__HOW TO COMPLETE THIS TASK__. Pictures in the material below are to be left out, and only the lines from the line with "MeiLing 505/506/507 dual" up to and including the line with "Квартира 68 в" are to be written out exactly.

__INPUT DATA__.
--
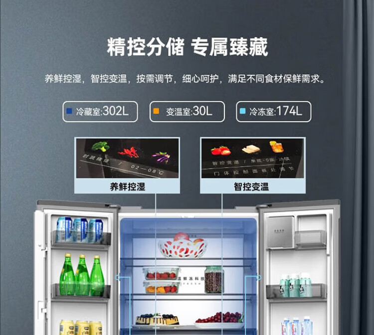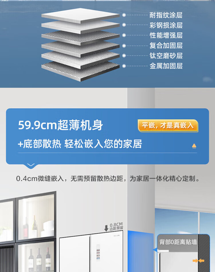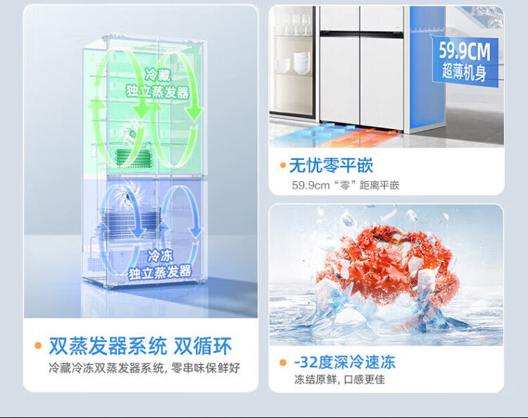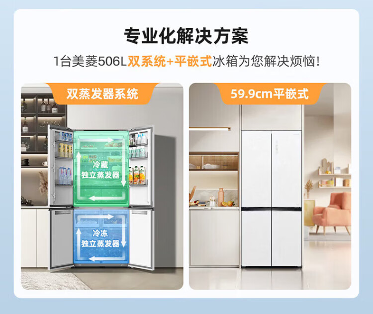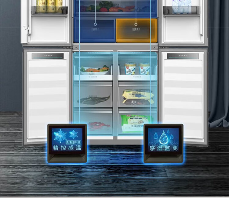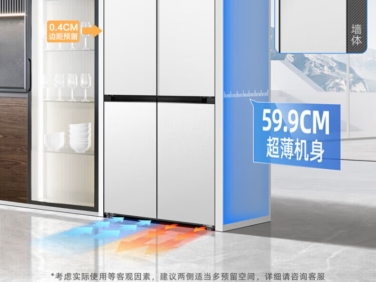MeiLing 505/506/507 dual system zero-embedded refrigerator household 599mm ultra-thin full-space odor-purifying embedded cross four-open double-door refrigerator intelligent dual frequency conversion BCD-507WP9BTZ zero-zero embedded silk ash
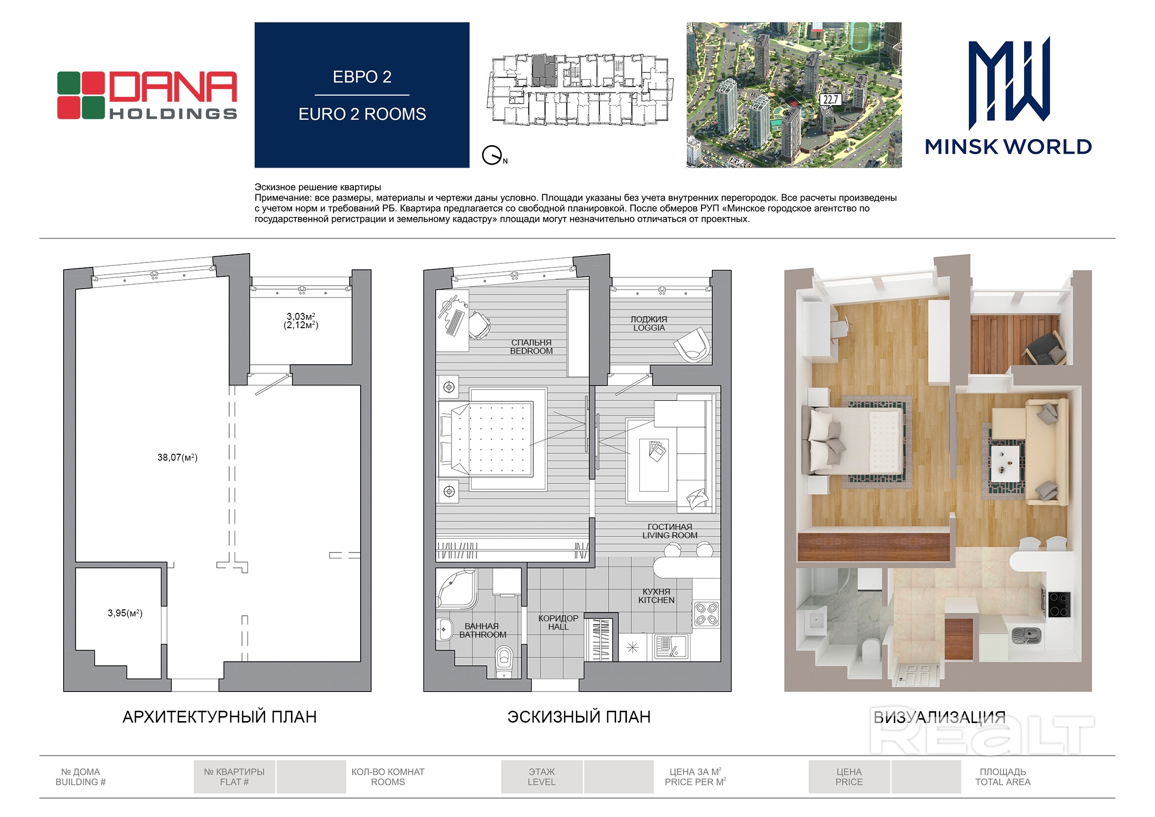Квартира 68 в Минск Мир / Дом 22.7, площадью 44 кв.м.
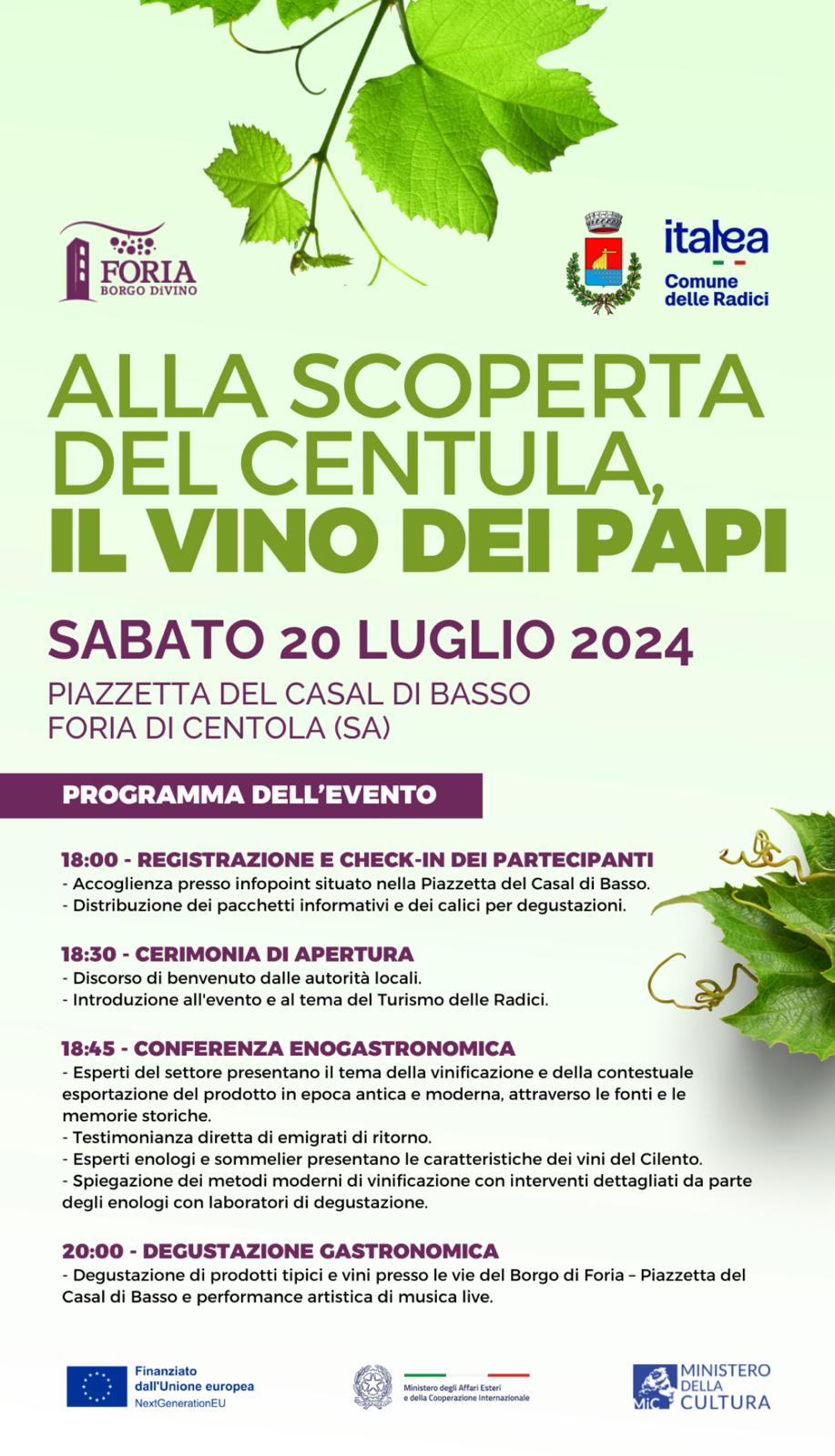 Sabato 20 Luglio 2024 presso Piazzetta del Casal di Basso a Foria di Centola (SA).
--
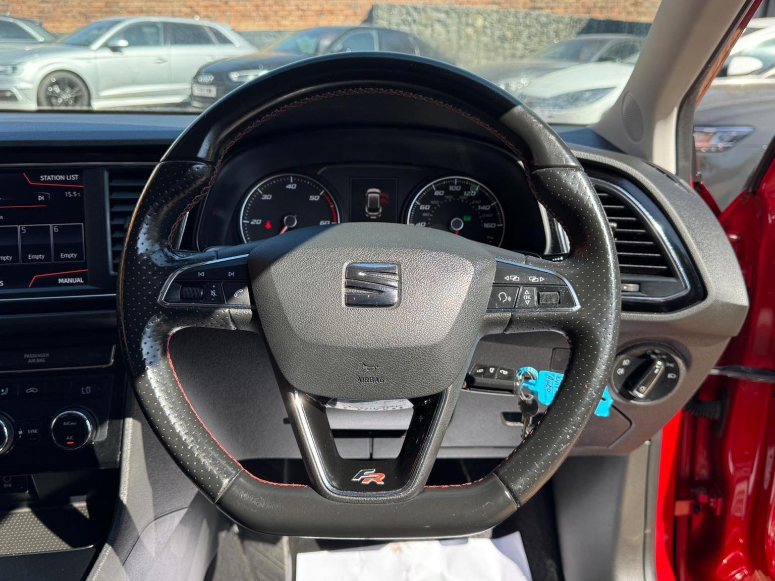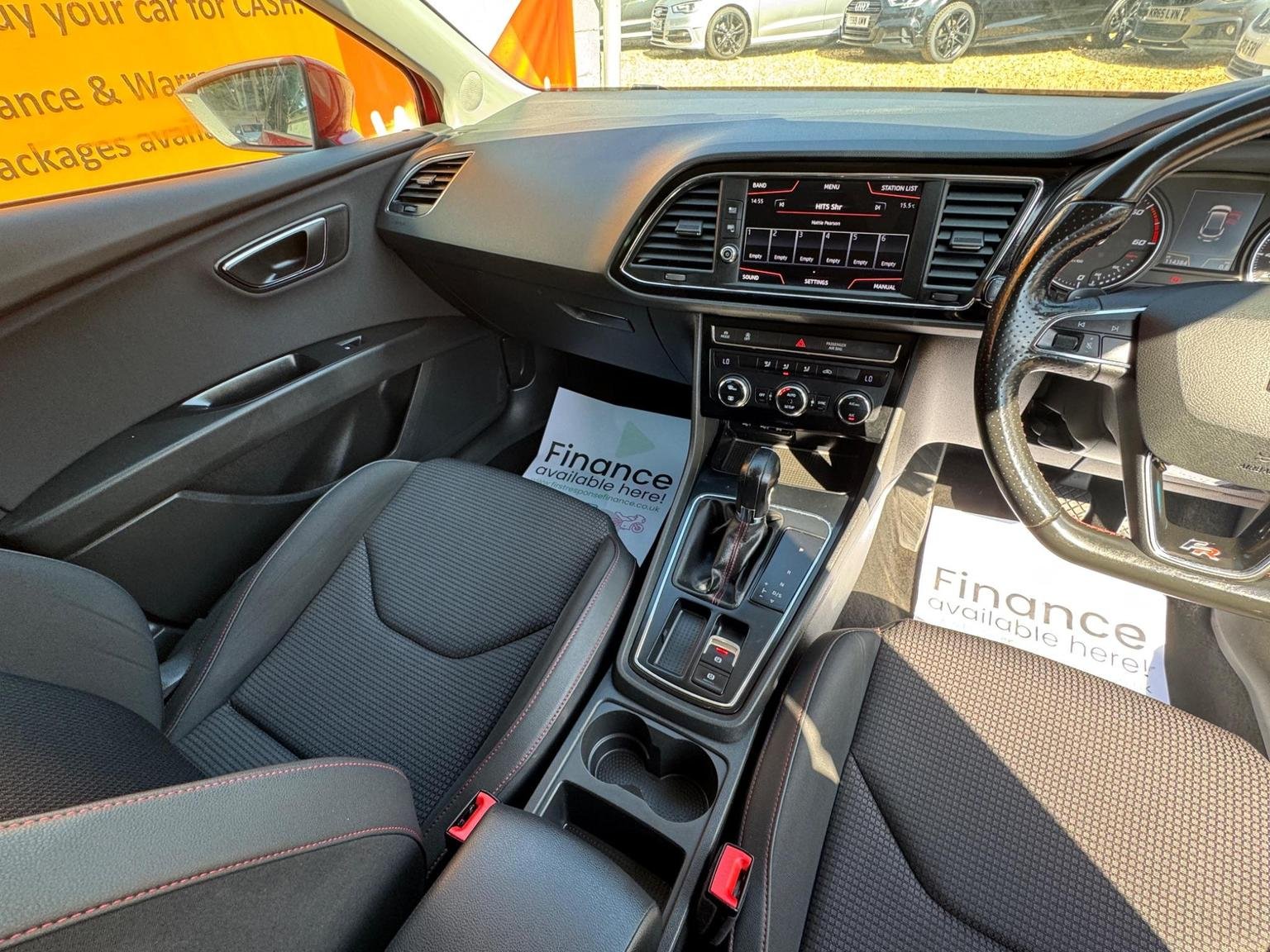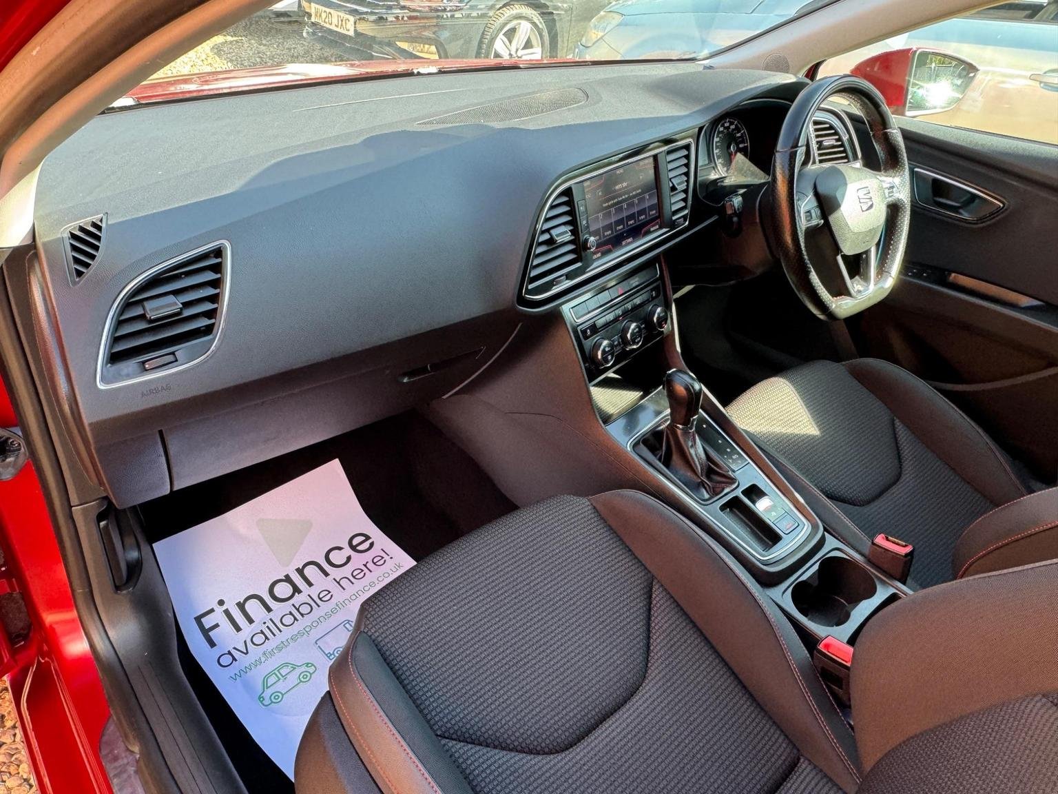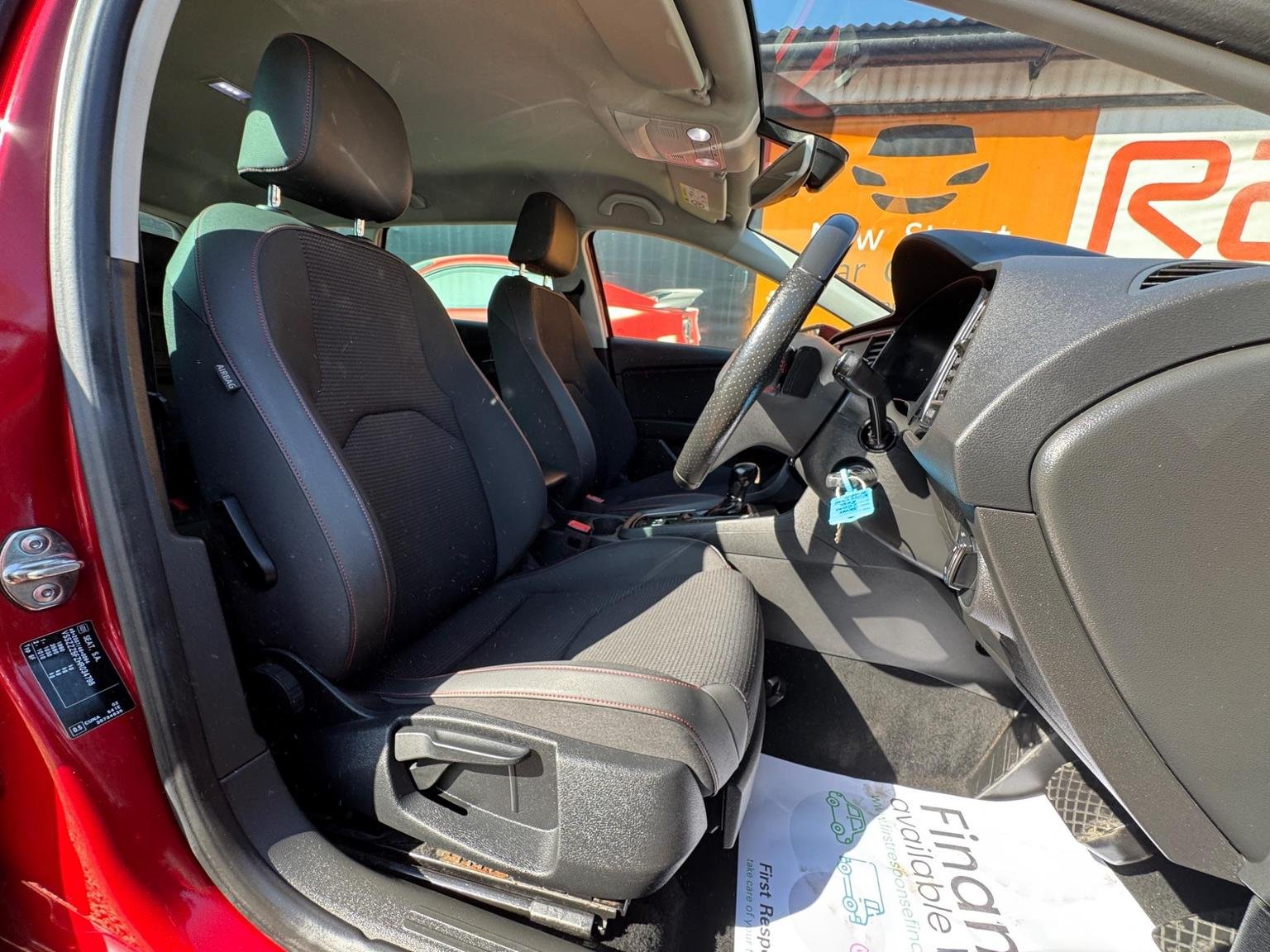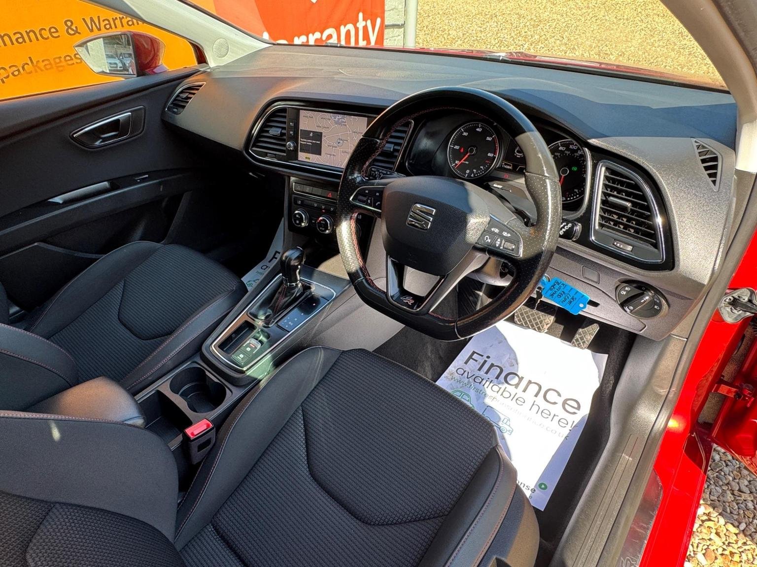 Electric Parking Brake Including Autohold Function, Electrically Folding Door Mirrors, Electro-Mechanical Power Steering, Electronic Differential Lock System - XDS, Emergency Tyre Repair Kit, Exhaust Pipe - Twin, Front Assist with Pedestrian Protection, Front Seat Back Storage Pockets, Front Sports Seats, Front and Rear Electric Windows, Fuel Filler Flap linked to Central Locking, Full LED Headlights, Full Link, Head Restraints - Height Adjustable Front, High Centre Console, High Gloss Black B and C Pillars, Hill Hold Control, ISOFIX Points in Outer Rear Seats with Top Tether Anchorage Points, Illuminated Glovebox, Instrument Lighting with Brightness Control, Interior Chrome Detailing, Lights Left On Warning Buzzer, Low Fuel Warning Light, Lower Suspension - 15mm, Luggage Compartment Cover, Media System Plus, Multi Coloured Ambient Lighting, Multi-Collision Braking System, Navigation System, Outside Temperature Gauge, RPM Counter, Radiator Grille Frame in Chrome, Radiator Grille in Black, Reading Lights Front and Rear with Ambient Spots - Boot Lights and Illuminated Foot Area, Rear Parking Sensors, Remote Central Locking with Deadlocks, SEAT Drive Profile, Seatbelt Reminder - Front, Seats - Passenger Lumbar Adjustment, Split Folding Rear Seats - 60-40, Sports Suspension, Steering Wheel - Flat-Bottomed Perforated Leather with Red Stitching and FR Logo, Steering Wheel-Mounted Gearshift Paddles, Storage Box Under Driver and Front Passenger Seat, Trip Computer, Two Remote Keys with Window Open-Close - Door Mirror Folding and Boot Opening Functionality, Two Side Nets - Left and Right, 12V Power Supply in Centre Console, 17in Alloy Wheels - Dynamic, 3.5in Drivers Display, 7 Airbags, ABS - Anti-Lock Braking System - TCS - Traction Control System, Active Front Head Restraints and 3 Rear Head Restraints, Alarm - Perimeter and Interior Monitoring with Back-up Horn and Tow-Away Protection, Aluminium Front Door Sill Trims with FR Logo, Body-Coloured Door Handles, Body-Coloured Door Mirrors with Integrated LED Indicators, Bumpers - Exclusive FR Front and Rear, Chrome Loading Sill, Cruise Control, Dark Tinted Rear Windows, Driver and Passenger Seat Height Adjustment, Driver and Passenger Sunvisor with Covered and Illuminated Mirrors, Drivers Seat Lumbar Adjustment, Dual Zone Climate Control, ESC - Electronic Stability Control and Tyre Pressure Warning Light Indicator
--
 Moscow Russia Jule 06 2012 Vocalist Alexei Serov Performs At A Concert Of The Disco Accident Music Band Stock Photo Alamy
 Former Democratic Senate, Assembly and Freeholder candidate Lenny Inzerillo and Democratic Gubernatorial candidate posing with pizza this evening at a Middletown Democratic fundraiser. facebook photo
--
__RESPONSE__.
MeiLing 505/506/507 dual system zero-embedded refrigerator household 599mm ultra-thin full-space odor-purifying embedded cross four-open double-door refrigerator intelligent dual frequency conversion BCD-507WP9BTZ zero-zero embedded silk ash
Квартира 68 в Минск Мир / Дом 22.7, площадью 44 кв.м.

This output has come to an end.